Analysts say Takenaka is on the right track. But what’s lacking, they say, is support from old guard bureaucrats and politicians with vested interests in the status quo.
Takenaka’s plan was to be announced last week but ruling party politicians and powerful ministry officials resisted, fearing its reforms were too severe.
The announced plan still leaves out tax breaks and supplementary spending that many believe are needed to nudge along industrial growth. The plan also is short on help for the jobless, whose ranks are expected to surge as the government tackles bad debts and companies go bankrupt.
Japan’s unemployment rate is at 5.4 percent, just short of the record 5.5 percent in December, the highest since the government began keeping track in the 1950s.
There are growing worries that such ``hard-landing″ approaches to eliminate bad debts, issued without additional measures to offset the damage, might send the entire Japanese economy crashing.
``It’s similar to how a car can’t get started with just one wheel,″ said Koji Shimamoto, chief economist with BNP Paribas in Tokyo. ``The plan is no good. We can’t expect major change, although it’s better than nothing.″
The problem is centered on Japan’s political leadership, long stuck in the old scenario for growth _ using public spending to boost the economy _ that proved so successful after World War II, until the ``bubble″ economy burst in the late 1980s. Those policies have helped build up the highest public debt in the industrialized world, at $5 trillion, 135 percent of Japan’s gross domestic product.
Politicians still want public works projects to build roads and bridges. Complacent bureaucrats do not want to change the rules. Bankers do not want to admit their lending mistakes. And public awareness remains low about Japan’s need for a modern market economy.
Haruo Shimada, economics professor at Keio University in Tokyo, said Takenaka’s proposal is Japan’s best hope in years to fix the economy and move toward stable growth.
``To clean up a 10-year sludge is tough,″ Shimada said, adding that the battle is only halfway over. ``All I can say is I hope he wins.″
Takenaka had to backpedal on initial ideas for tightening bank accounting rules in a way that could have pushed the bad loans up on their books. Some feared those rules would bankrupt banks and companies.

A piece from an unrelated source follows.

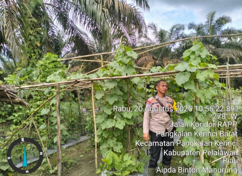 Guna memperkuat ketahanan pangan di tingkat rumah tangga, Bhabinkamtibmas Kelurahan Pangkalan Kerinci Barat, Aipda Binton Manurung, melakukan monitoring program pemanfaatan lahan pekarangan di kebun milik warga bernama Pak Ndut, yang berlokasi di RT 03 RW 06, Rabu (20/8).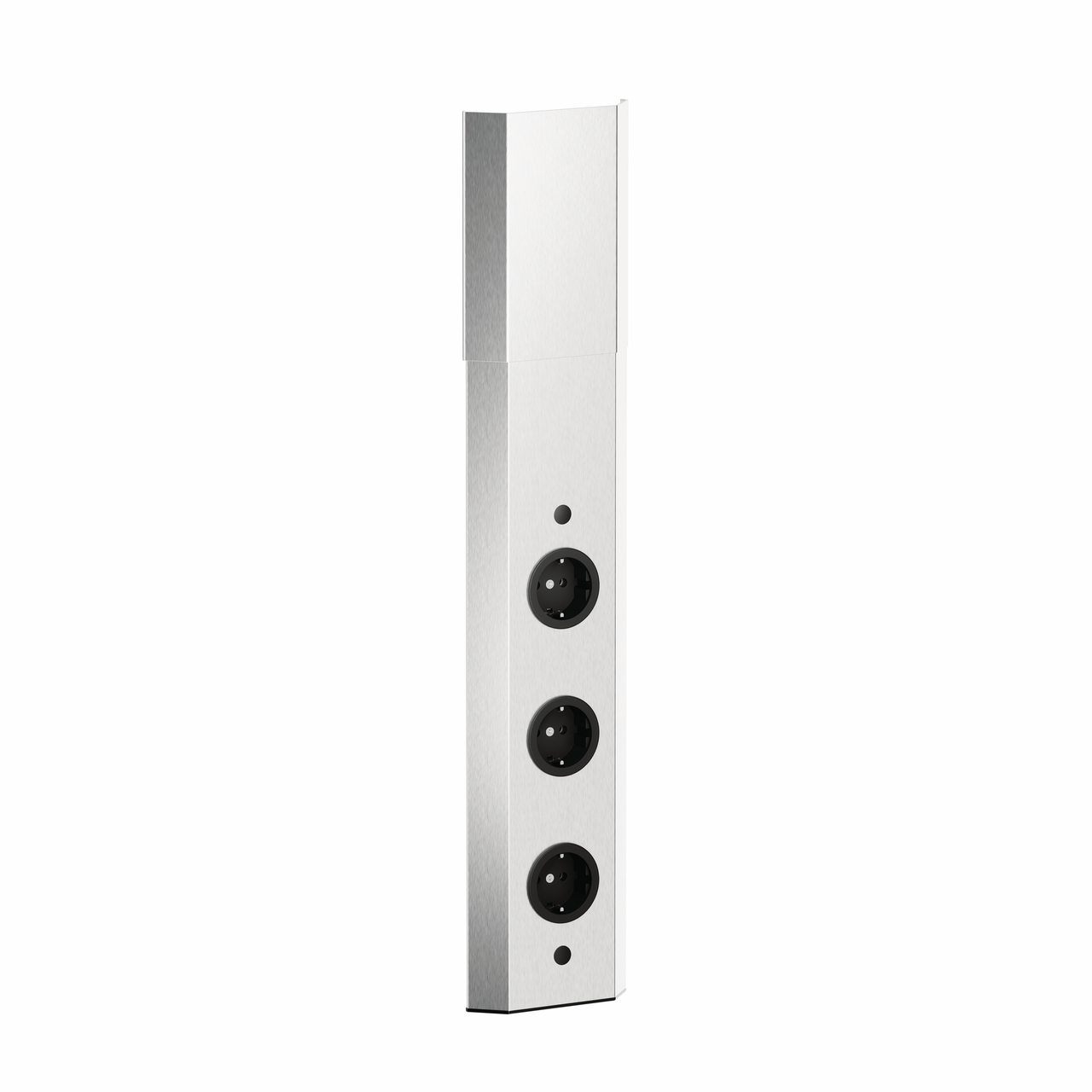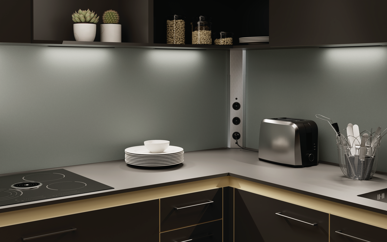 Die CON-AKTIV® Ecksteckdose Mira Eck fügt sich mit ihrer dreieckigen und platzsparenden Ausführung in jede Ecke der Küchenarbeitsfläche oder unter Wandschränken ein. Optisch überzeugt sie durch ein zeitloses und edles Design, das mit sämtlichen Kücheneinrichtungen harmoniert. Das Steckdosenelement verfügt über ein teleskopierbares Ausgleichsstück ohne Endkappen, wodurch es individuell an die Höhe der Arbeitsplatte angepasst werden kann. Wahlweise kann es mit zwei oder drei Steckdosen bestellt werden, die die Stromversorgung von Küchengeräten wie Kaffeemaschine oder Mixer ermöglichen. Die Doppelsteckdose lässt sich schnell und leicht in eine Ecke mit einem Winkel von 90° montieren. Mit ihrem hochwertigen Gehäuse aus Edelstahl zeichnet sie sich durch eine robuste und langlebige Qualität aus. Damit das Kabel unauffällig von hinten angeschlossen werden kann, ist der Kabelauslass an der hinteren Seite angebracht. Für eine externe Beleuchtung lässt sich die 2-fach-Steckdose optional mit einem Schalter bestellen.

When questioned recently about the dangers of forging ahead with a painful bad-loan cleanup, Prime Minister Junichiro Koizumi hinted that other measures were in the works.

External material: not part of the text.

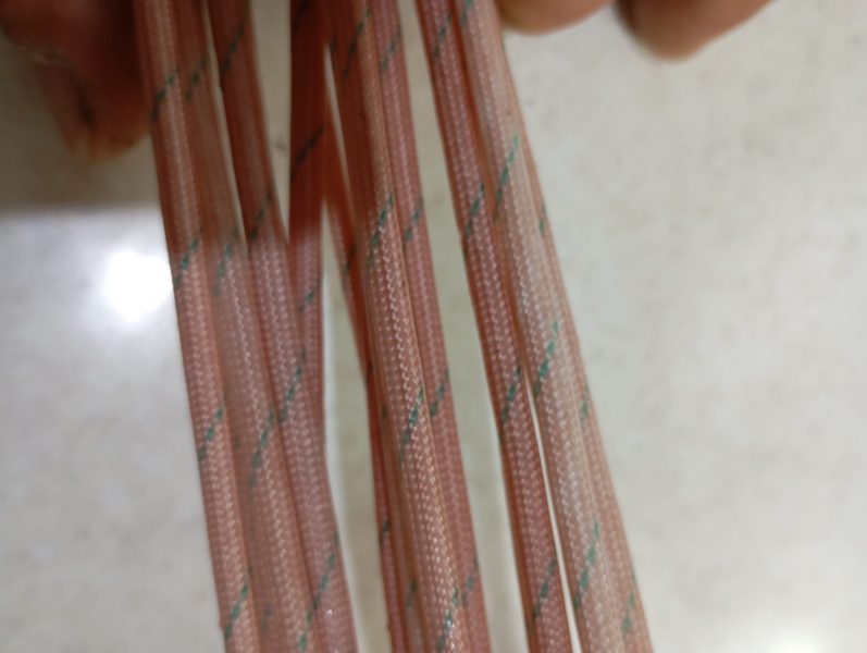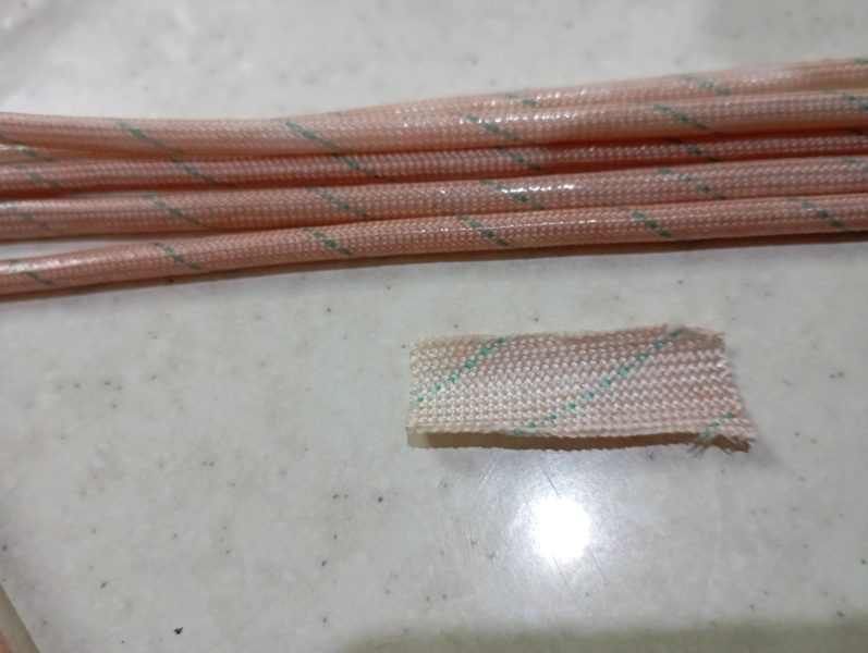 وارنیش نسوز با روکش سیلیکون قطر 3 میلیمتر، این نوع وارنیش نسوز از نخ الیاف شیشه بدون آلکای بافته شده، سپس لایه ای از رزین سیلیکون بر روی آن و در حرارت بالا پوشش دهی می گردد. با توجه خاصیت عایق حرارتی

``I’ve said from the past I will avoid unnecessary confusion and a financial crisis. The economy is a living thing, and we must keep this in mind while we tackle non-performing loans,″ he said. ``I’m just doing what has to be done.″
Richard Katz, who has written books on the Japanese economy, believes Japan has enough strengths _ an educated work force, sophisticated technology and an orderly society _ to ensure its economic revival.

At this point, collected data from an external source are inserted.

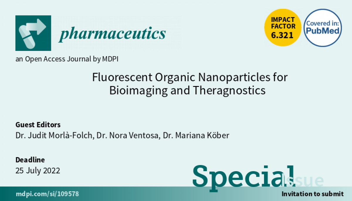 The Special Issue on “Fluorescent Organic Nanoparticles for Bioimaging and Theragnostics“ belongs to the “Nanomedicine and Nanotechnology” section and has a deadline for manuscript submissions on 25 July 2022.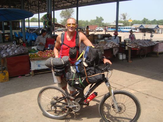 Am Folgetag in Savannakhet stieß ich denn auf diesen Briten, der sein Gepäck lieber über dem Rahmen befördert, da man sich da ja so bequem beim Radeln drauf legen kann, ..hätte da persönlich Angst einzuschlafen. Beachtlich auch hier, er schaffte das Nonstop von Bangkok hierher. Ihr seht also, es gibt noch eine Vielzahl anderer Radelwütiger Alleingänger, die alle ihre eigene Taktik fahren. Meist findet sich die ideale Abstimmung erst nach hunderten von Kilometern auf der Reise. Auch meine Ausrüstung sah zu Beginn noch ganz anders aus.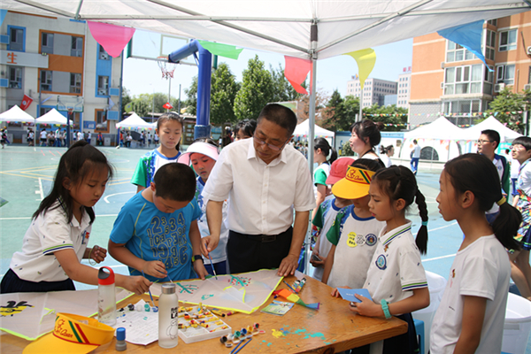 白色的遮阳棚、不同的项目区、精彩的海报展,迎来了一群满脸兴奋的孩子们。今天的中国科学院附属玉泉小学,就像一个热闹的大集市,吆喝声、欢呼声、歌唱表演、器乐演出轮番上场,简直嗨翻天。
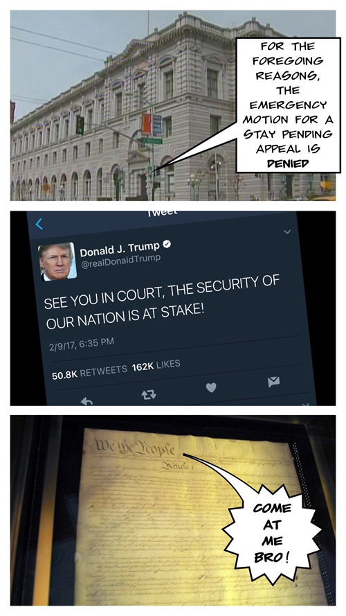 @realDonaldTrump: (in allcaps as to signify yelling) See you in court, the security of our nation is at stake!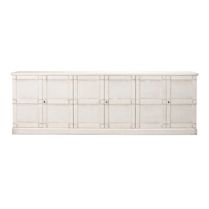 The buffet features six beautifully paneled square-framed doors, each adding a touch of classic elegance to its overall design. This traditional aesthetic is further enhanced by the antique painting technique, imbuing the piece with a sense of history and grandeur that complements any interior style, be it modern, traditional, or eclectic.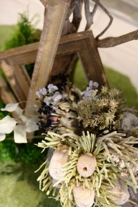 ドライフラワーやアンティークなフォトフレームを飾れば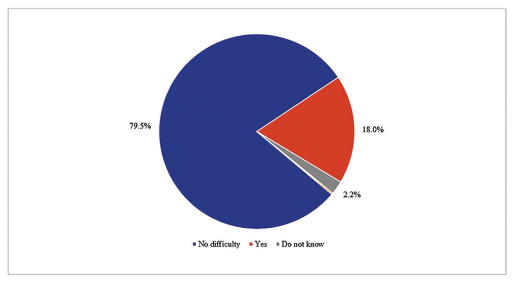 As shown in Figure 3, while 79.5 percent of respondents reported no difficulty accessing these allowances through public administrative systems, challenges persist for 18 percent, including reliance on family members, distance to local commune people’s committee offices, and accessibility issues with banking services. Many persons with disabilities, particularly those in rural areas, continue to receive allowances in cash. These hurdles reflect limited inclusion of persons with disabilities in digital transformation of both disable assistance administrative and banking services.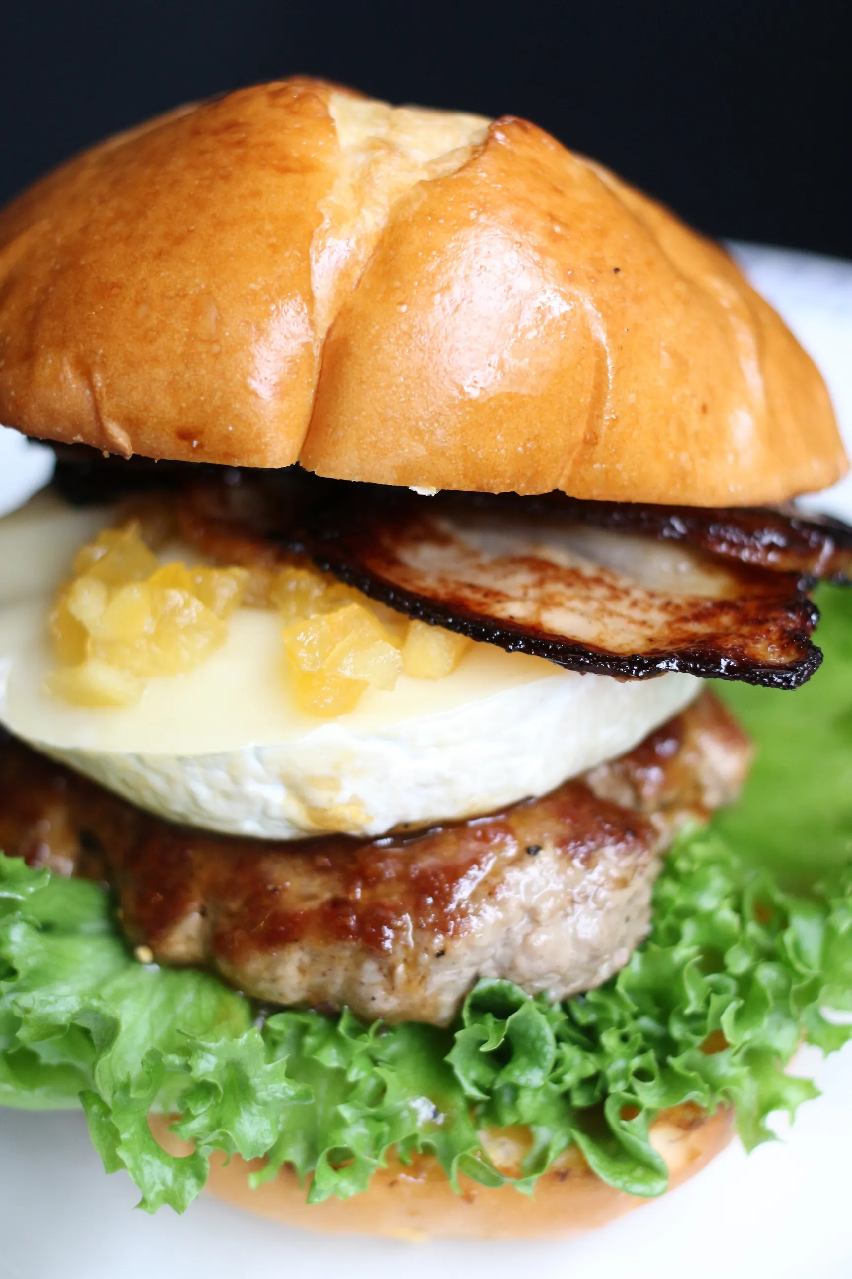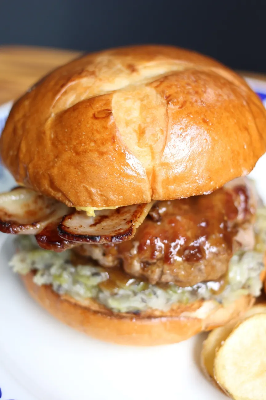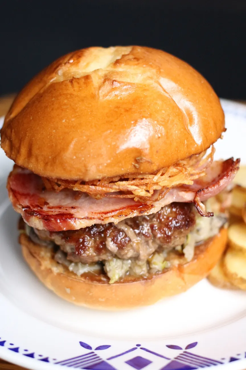 カマンベールチーズと自家製味噌ベーコンにりんごのコンポート、ローズマリーバターであっさりとしていながら薫り高いハンバーガーに仕上がっています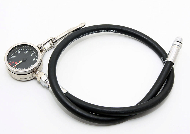 Специальное ухо позволяет крепить к манометру карабин, а тот в свою очередь крепится к подвесной системе компенсатора плавучести.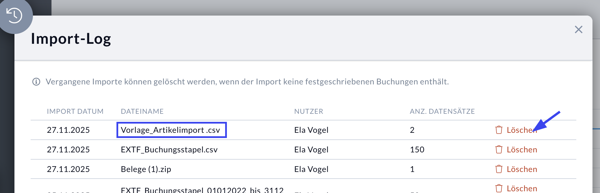 Sollte ein Import fehlerhaft gewesen sein (beispielsweise durch falsche Zuordnungen), lässt sich dieser komplett rückgängig machen:
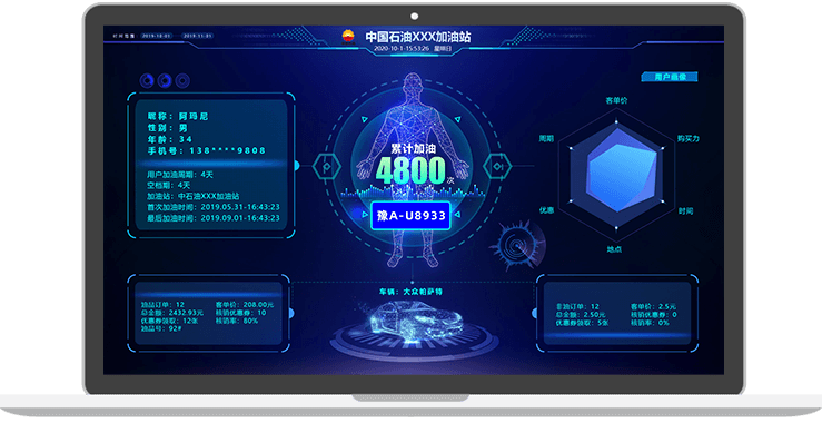 依托数字化项目优势,提供“互联网+加油场景”一站式整合运营方案 聚合便捷移动支付体系、智能零管运营系统、会员数据精准营销、联合异业资源共享等服务项目 结合智能终端、云计算、大数据等信息化优势,建设智慧加油站

``That’s the good news,″ he said. ``The bad news is it’s going to take 10 years for us to get there.″
Peter Tasker, strategist for Dresdner Kleinwort Wasserstein Research in Tokyo, said deflation, or the continuing drop in prices, is the big economic danger because it erodes wages and stock prices, producing even bigger corporate debts and possibly leading to a ``zombification″ of the entire economy.
``The idea that ‘surgery’ can remove the ailing parts of corporate Japan while leaving the healthy parts intact is a Dr. Frankestein-like fantasy,″ he said in a report.